聚焦式超音波應用於中樞神經系統疾病治療之探討

Abstract

聚焦式超音波藉由其產生的熱效應與非熱效應能增進藥物傳輸的能力。此論文分為兩個部分：(1)利用聚焦式超音波搭配微氣泡傳送神經保護物質用於治療缺血後再灌流所造成傷害之腦部組織；(2)利用短時間聚焦式超音波熱治療增加化療藥物進入腦腫瘤區域。紅血球生成素是一種用於治療大腦缺血後再灌流傷害的神經保護物質，然而其通過血腦屏障的能力有限。聚焦式超音波搭配微氣泡震盪能有效開啟血腦屏障，增加血管之通透性。本研究利用聚焦式超音波搭配微氣泡用於延長紅血球生成素的神經保護治療期效。實驗設計為雄性大白鼠施以50分鐘局部腦缺血，於腦部血流再灌流後五小時施以以下幾種治療：I/R (Ischemia/reperfusion)、I/R+MBs (Microbubbles) /FUS (Focused ultrasound)、I/R+hEPO、I/R+hEPO (human recombinant erythropoietin)+MBs/FUS。動物於24小時後進行急性期之評估；長期療效評估包含步態分析及前肢使用頻率差別。由定量分析結果得知，聚焦式超音波搭配微氣泡可增加紅血球生成素累積於受損害之腦組織。急性期分析結果顯示I/R+hEPO+MBs/FUS組別其神經動作表現與損傷區域皆有明顯改善。
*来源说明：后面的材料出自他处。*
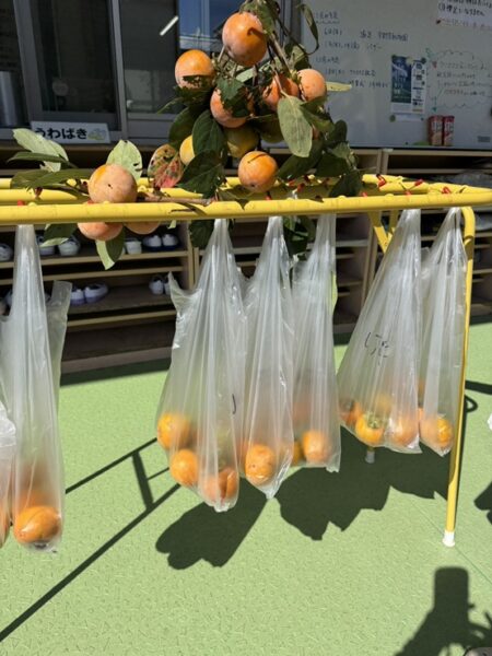 お昼にもぎたての柿をいただいたのですが、子どもたちの多くは柿が苦手のようです。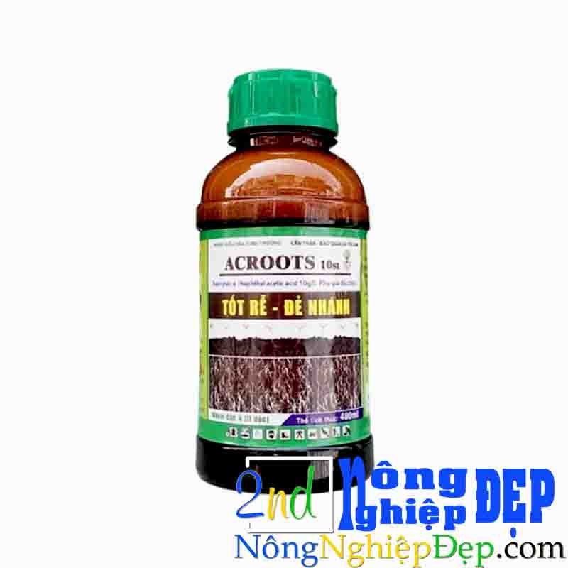 ACROOTS 10 SL chứa Auxin α - NAA có công kích thích ra rễ cực mạnh, đẻ nhánh nhiều, mập mầm, xanh cây, xanh lá... Thích hợp cho mọi giai đoạn phát triển của cây trồng, đặc biệt là khi cây trải qua giai đoạn tổn thương của bộ rễ như cây non, cây mới trồng, giai đoạn điều kiện thời tiết bất lợi (hạn hán, ngập úng, ngộ độc hữu cơ...)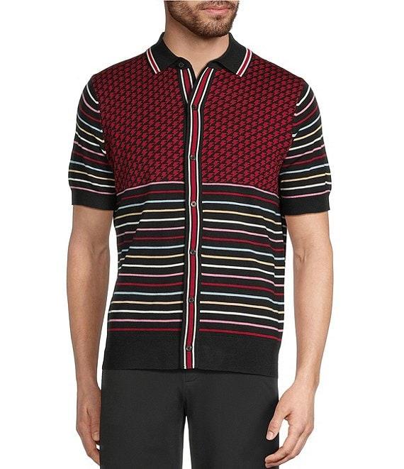 From Murano, this shirt features: Classic fit Spread collar Short sleeves Button-front closure Jacquard fabrication Acrylic Machine wash/tumble dry Imported.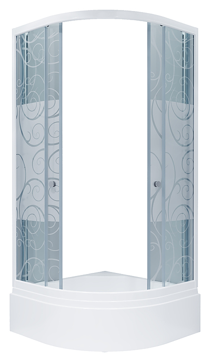 Душевой уголок Triton Узоры 90*90 В предназначен для использования в ванных комнатах. Благодаря угловой конструкции и поддону в форме четверти круга модель можно вписать даже в ванные комнаты небольшой площади. Кабина оснащена 2-х секционными раздвижными дверцами, а поддон с антискользящим покрытием для безопасности. Профиль выполнен из алюминия, который устойчив к окислению и появлению коррозии, обеспечивает герметичность и легкость конструкции. Поддон выполнен из акрила, устойчивого к механическим повреждениям, обладающего небольшим весом и повышенной шумоизоляцией. Комплектация:

更重要的是長期行為評估亦顯示I/R+hEPO+MBs/FUS的確對於其行動步態左右前肢使用協調有顯著的改善。此研究證實就算超過單獨使用紅血球生成素的治療效期，聚焦式超音波搭配微氣泡仍然可以傳送具有神經保護作用之物質進入受損腦區，並達到治療之效果。血腦屏障與血腫瘤屏障會抑制化療藥物在腦部之吸收與累積，而熱治療可增進化療藥物進入腫瘤區域。此研究探討短時間聚焦式超音波熱治療是否可增強pegylated liposomal doxorubicin (PLD)對於乳癌腦部轉移之化療效用。本實驗使用小鼠乳癌細胞4T1種植於小鼠腦部。利用活體影像系統(IVIS)追蹤腫瘤生長。治療時間點設定為細胞植入後六天，給予PLD (5 mg/kg)並施以10分鐘聚焦式超音波熱治療。由定量結果得知，短時間聚焦式超音波熱治療可增加PLD累積於腦瘤區域。化療藥物PLD加上短時間聚焦式超音波熱治療確實能有效抑制腫瘤之生長，而免疫染色及細胞凋亡測試亦可證實其效用。此研究證實應用短時間聚焦式超音波熱治療能促進化療藥物有效進入腦腫瘤組織並達到治療之效果。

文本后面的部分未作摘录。